STRINGS THAT SWING…Akua Dixon: Akua’s Dance, Amelia Romano: New Perspectives

While the cello and harp are intermittently in jazz recordings, these two recent releases make us wonder why.

In her third album, Akua Dixon composes and arranges the music to accompany her melding of swing and strings. She teams with Russell Malone-Freddie Gryant/g, RonCarter-Kenny Davis/b and Victor Lewis/dr for a satisfying chamber jazz outing. The strings bounce in gentle canters and bass, guitar and cello work wonders as Malone weaves through the bows on “If My Heart Could Speak To You” and “Orion’s Gait.”  The hues get darker on the nimble lines of “Afrika! Afrika!” with the pulse reminiscent of a gallop as Carter creates a groove like a migration on the Serengeti. Dixon and Bryant bop with deliht on “Dizzy’s Smile” while there is humanlike agony expressed on the gospel honed “I’m Gonna Tell God All My Troubles” as Dixon sighs and adds the baritone violin for extra testimony. Excellent outing!
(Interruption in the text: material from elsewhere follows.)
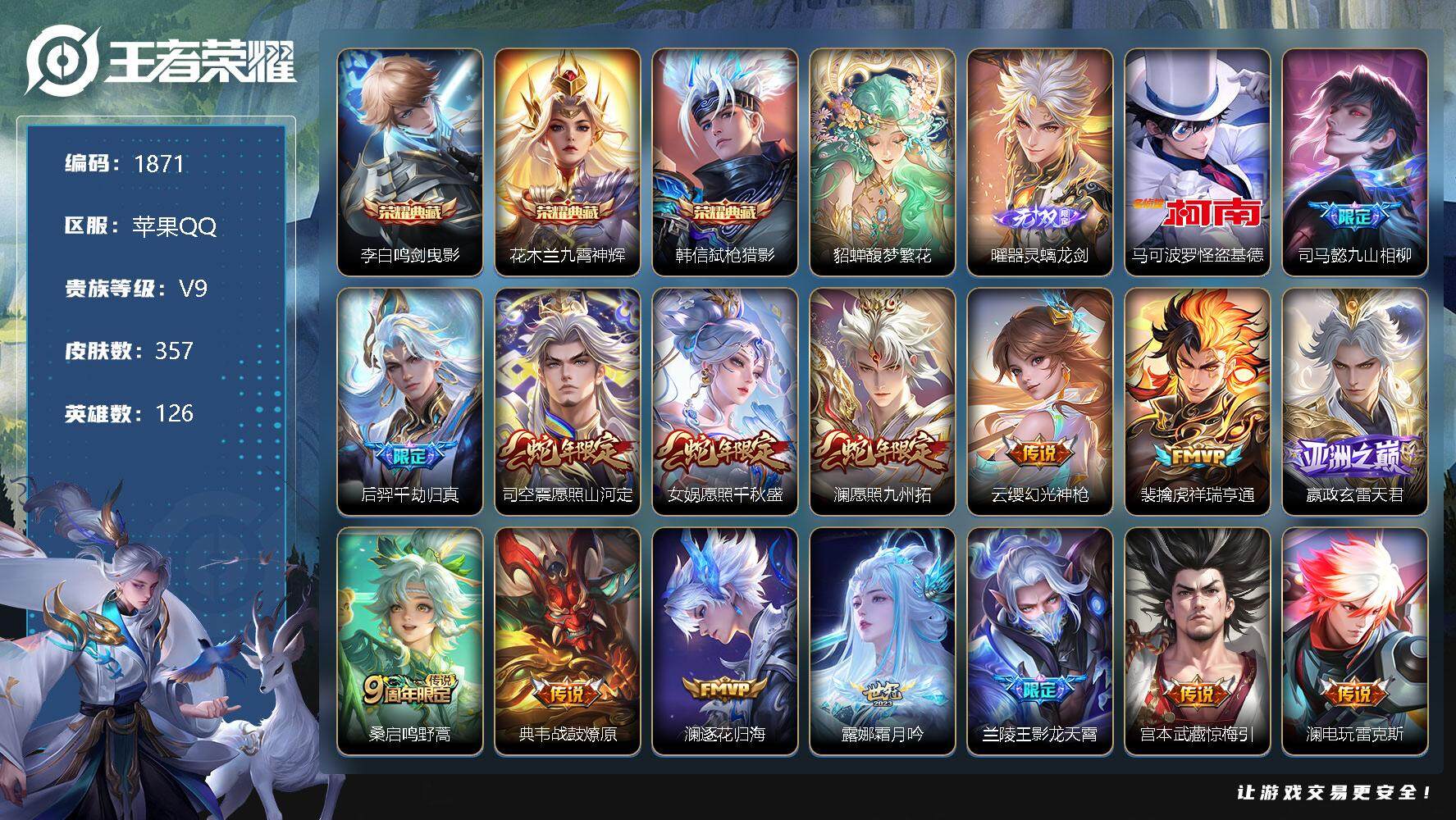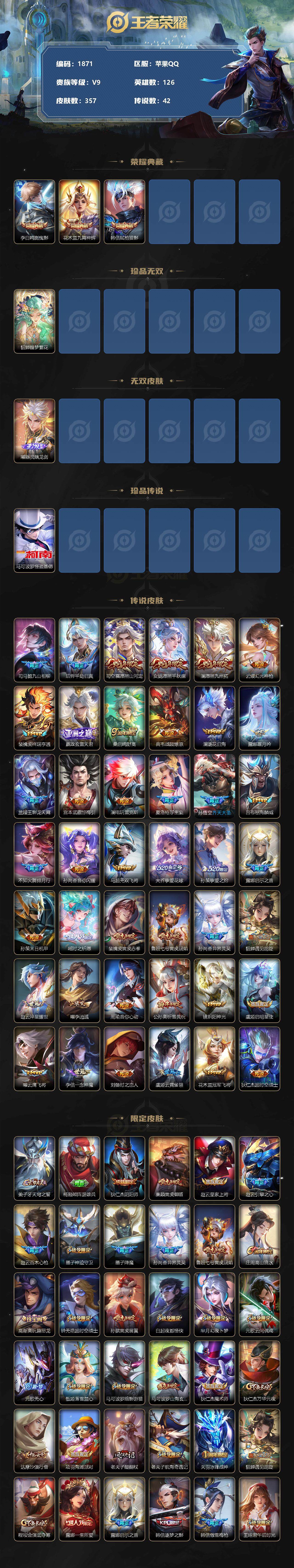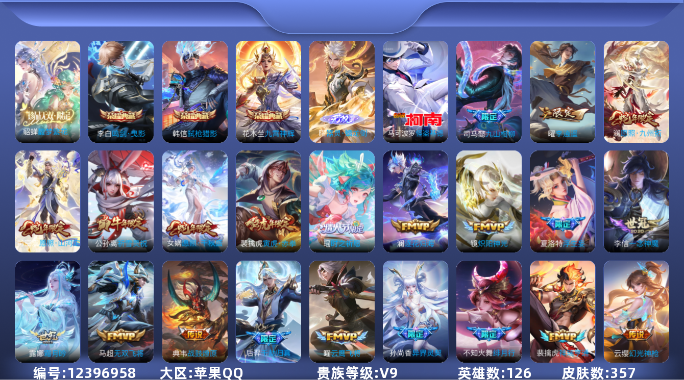[12396958]【商品标题】:苹果Q-V9-至尊星耀V段位-126英雄-357皮肤-3典藏-1珍品无双-1无双-1珍品传说-42传说-110史诗

The electric harp is in good hads with Amelia Romano, mixing world and latin grooves in a luscious atmosphere. She has a folksy voice as well, and it fits well John Melinger/perc with the pulsating “Smile” and the honky tonking “It’s About Time.” Salsa flavors work well as the pizzicato strings and percussion slither on “Besame Much” and the delicate “Defying Gravity.” There’s some wonderful intimate moments as well, as she delivers a dreamy solo on “Nataliana” and sensitive duet with guitarist John H. Clarke on “Baroque Flamenco.” Worth stringing along!